On Fri, 28 Nov 2014 16:14:03 +0800, Timothy Sipples <[email protected]> wrote:
>
>Setting aside current pricing, what are the characteristics of hard disks
>that make them better suited to particular use cases than (modern, current)
>SSD?

You make a fair point that if pricing is not an object, then there's no 
particular use case for spinning disk that comes to mind. If you figure that 
the durability issues can be overcome with over-provisioning, then the the 
durability issue is simply a price issue as well. (Mostly, I'm not sure if SSDs 
are more or less susceptible to data rot simply sitting unused on a shelf.)

So the question would be how quickly can SSD pricing can catch (and likely have 
to pass to deal with the durability/over-provisioning) issue? If SSD capacity 
follows Moore's law and disk doesn't improve substantially, that could be as 
soon as 6 years or so. It would be interesting to find some historical disk and 
SSD capacity pricing over the last 6 years to see if that looks plausible. 
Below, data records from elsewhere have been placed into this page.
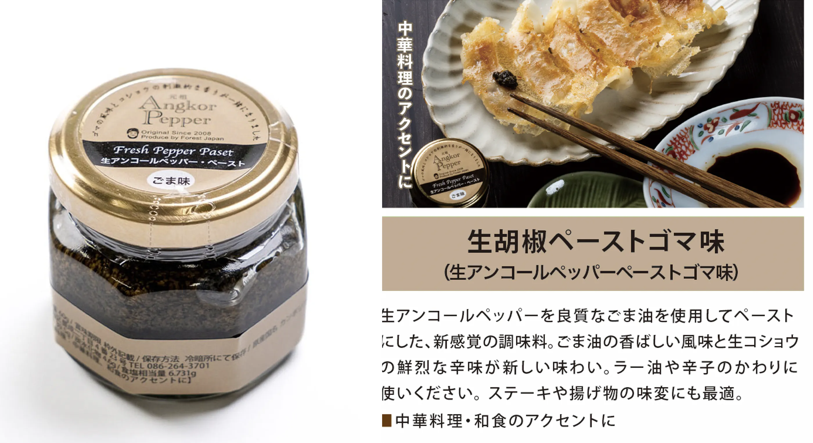 生アンコールペッパーを良質なごま油を使用してペーストにした、新感覚の調味料。ごま油の香ばしい風味と生コショウの鮮烈な辛味が新しい味わいです。ラー油や辛子のかわりにお使いください。ステーキや揚げ物の味変にも最適です。
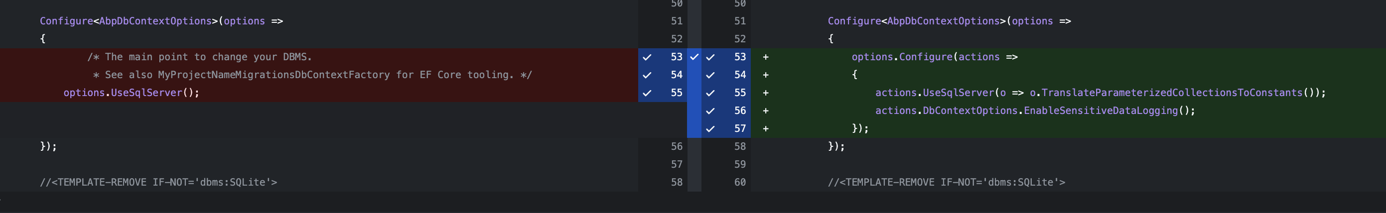 TranslateParameterizedCollectionsToConstants. We are using abp framework 8.2.1 -
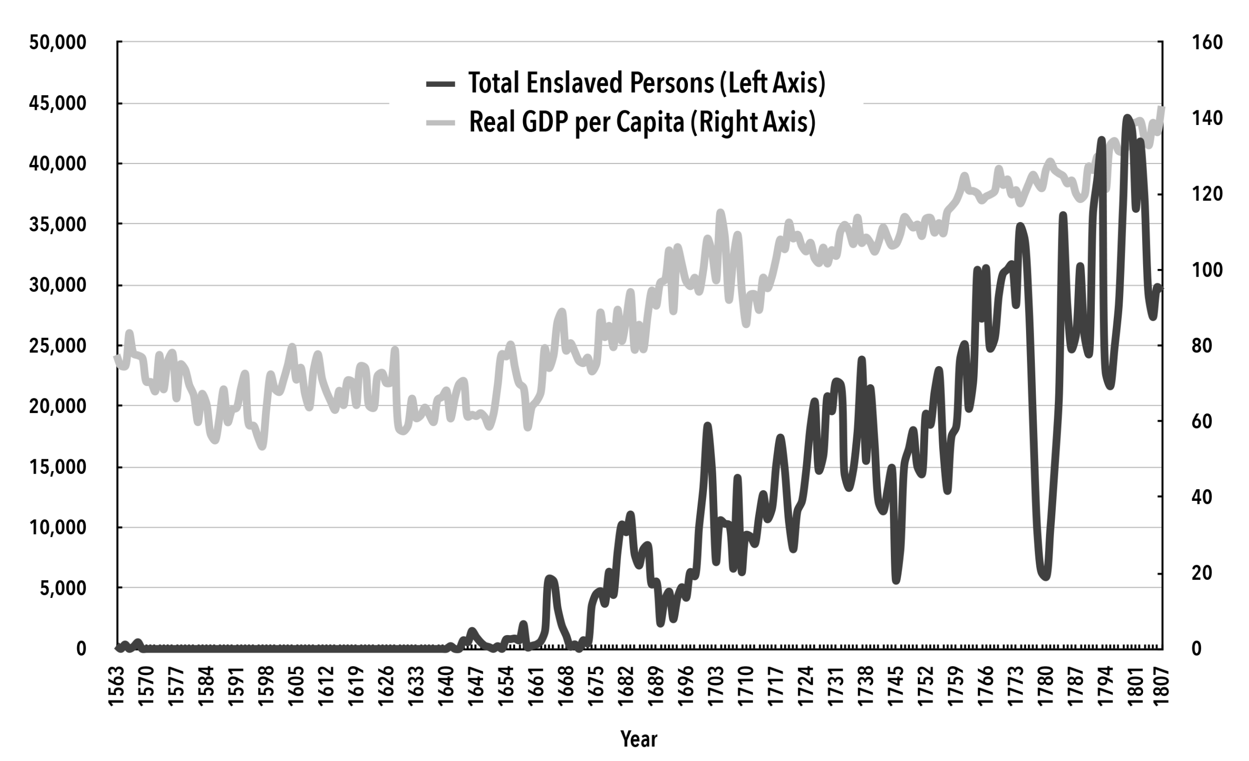 Durante los últimos veinte años aproximadamente, se han desarrollado dos grandes conjuntos de datos que ofrecen conjeturas sofisticadas sobre el crecimiento y desarrollo de la economía británica desde el siglo XIII hasta el siglo XIX. Gregory Clark y, posteriormente, un grupo de historiadores económicos, entre ellos Stephen Broadberry, Bruce MS Campbell, Alexander Klein, Mark Overton y Bas van Leeuwan, han calculado y publicado estimaciones de varios tipos de agregados económicos nacionales, como el Producto Interno Bruto (PIB), el ingreso nacional neto (INN), los índices de precios, etc., así como aproximaciones de la actividad económica de varias industrias, los salarios laborales y las estimaciones de población a lo largo de los siglos para Gran Bretaña. 10 Desde 1999, los datos sobre la trata de esclavos que se remontan al siglo XVI están disponibles en la Base de Datos sobre la Trata Transatlántica de Esclavos. El valor de las nuevas personas esclavizadas vendidas en América se puede obtener de los registros de la Oficina del Censo de los Estados Unidos. 11 Más allá de esto, los datos de registros históricos reales se encuentran en las Estadísticas Históricas Británicas de B. R. Mitchell, que enumeran en tablas la producción de diferentes industrias y bienes y servicios como el azúcar, el estaño y el hierro; los valores de las exportaciones e importaciones; y los montos de las finanzas públicas, entre otros registros de Gran Bretaña e Irlanda. En muchos casos, estos se remontan a la última década del siglo XVII. 12 Estas bases de datos, así como las que he elaborado y utilizado en este y otros artículos, se emplean en algunos de los gráficos que siguen, y otras se publican en el documento de trabajo más extenso del que se deriva este ensayo. 13

Hmmm.... According to the wayback machine, Newegg November 2008 best SSD price 
was $2.25/GB. Best hard drive price easily accessible was $0.12/GB. Today 
Newegg's best SSD prices are about $0.38 and best HDD prices are just over 
$0.03/GB. Make of that as you will, but my guess is that over the next 10 
years, spinning HD capacity will remain cheaper than SSD. But at relatively 
small capacities, the price difference will likely become immaterial.